That which is born alive was, by the law of the Church and the law of Nature, suffered to live, and helped to maturity if possible, by those who had begotten it. (1.3)
The Church commands its version of morality be observed in the case of mutant births. This is a small point early in the novel, but it grows to become a source of much contention between Church, state, and individual later on. Keep it in mind, Shmoopers.
There was nothing to do but obey the command to return.
Francis's will has been completely consumed by the Church and its commands. To question his superiors is to question the Church—something he cannot do.

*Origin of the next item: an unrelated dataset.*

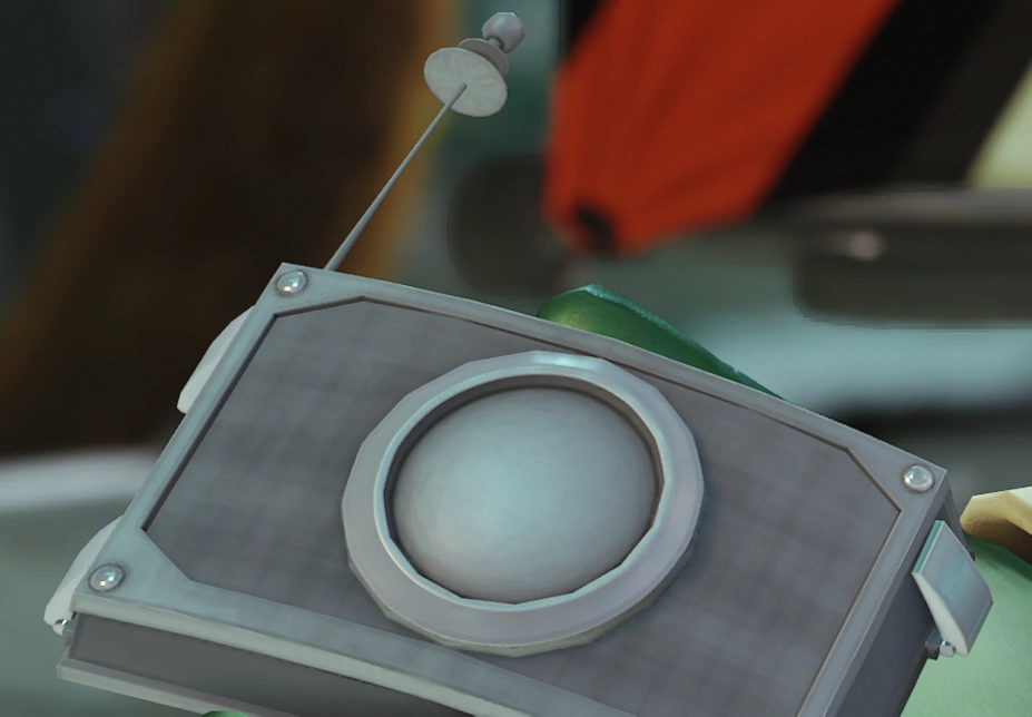 The Hologuise was originally planned to be a helmet, but was changed to a handheld gadget. The helmet design can be seen in the Insomniac Museum in Going Commando. Additionally, an unused handheld glove model for the Hologuise can be seen in early builds of the game.[3]

Father Cheroki, who came of baronial stock from Denver, tended to react formally to men's official capacities, tended to speak courteously to the badge of office while not allowing himself to see the man who wore it, in this respect following the Court customs of many ages. (4.2)
The Church claims the moral high ground of God. And whether or not it owns that moral high ground, it's still an organization made up of mortal men on Earth. Father Cheroki's inability to see this fact grants the reader the ability to do just that. That's dramatic irony for you, and it's awesome.
But I, too, am a member of a oneness, thought Dom Paulo, a part of a congregation and a continuity. Mine, too, have been despised by the world. Yet for me the distinction between self and nation is clear. (16.92)
Like Francis before him, Dom Paulo has become part of a whole. He lets that "oneness" have power over him. But unlike Francis, Dom Paulo understands how institutions can take over your own interests, and willfully chooses the Church over the government.
"To serve God first, or to serve Hannegan first—that's your choice."
"I have little choice, then," answered the thon. "Would you have me work for the Church?" The scorn in his voice was unmistakable. (21.73-74)
Taddeo is Dom Paulo's foil for many reasons. This is one. Like Dom Paulo, Taddeo made a choice to let an organization have power over him, and he made that choice willfully. He simply chose differently than Dom Paulo; he chose the state.
"Let's be frank with each other, Father. I can't fight the prince who makes my work possible—no matter what I think of his policies or his politics. I appear to support him, superficially, or at least to overlook him—for the sake of the collegium." (21.59)
The state is gaining power, and that puts it in direct competition with the Church. It's like one is Batman, the other is the Joker, and we're all stuck in the middle.
"They can know it by the children they beget and send to asylums for the deformed. They know it, and they've kept the peace. Not Christ's peace, certainly, but peace, until lately—with only two warlike incidents in as many centuries. Now they have the bitter certainty. My sons, they cannot do it again. Only a race of madmen could do it again—" (25.154)
Note the passage of "not Christ's peace." It's a small hint of how far Church and state have separated since the beginning of the novel. Now, they can't even agree on how to go about being peaceful.
"'The provisions of Public Law 10-WR-3E in no way empower[s] private citizens to administer euthanasia to victims of radiation poisoning. Victims who have been exposed, or who think they have been exposed, to radiation far in excess of the critical dosage must report to the nearest Green Star Relief Station.'" (27.5)
The state gets in on the church's game. Just like in our first quote—the one we told you to keep in mind—the state begins administrating rules for who should be allowed to die, how they should be allowed to do it, and even where they can do it.
But one of the officers snapped out into the slow lane just ahead of them and pointed his traffic baton at the vehicle's obstruction detection; the autopilot reached automatically and brought the car to a stop. (28.128)
In Francis's day, the Church had all the power; they had the Memorabilia and a vice grip on education. Now, the tables have turned. Thanks to technology, the state can quite literally control the destiny of others.
"Get back in the car," Dom Zerchi told her. "You cut that tone of voice, mister!" the officer barked. "Lady, what about the kid?" "We're both getting out here," she said. (28.147-149)
The Church, state, and individual are all represented in this final fight to determine the fate of a mother and her child. Although the state wins this round, the novel doesn't seem to suggest either Church or state was right. It leaves that question open for you to ponder. Yay, pondering.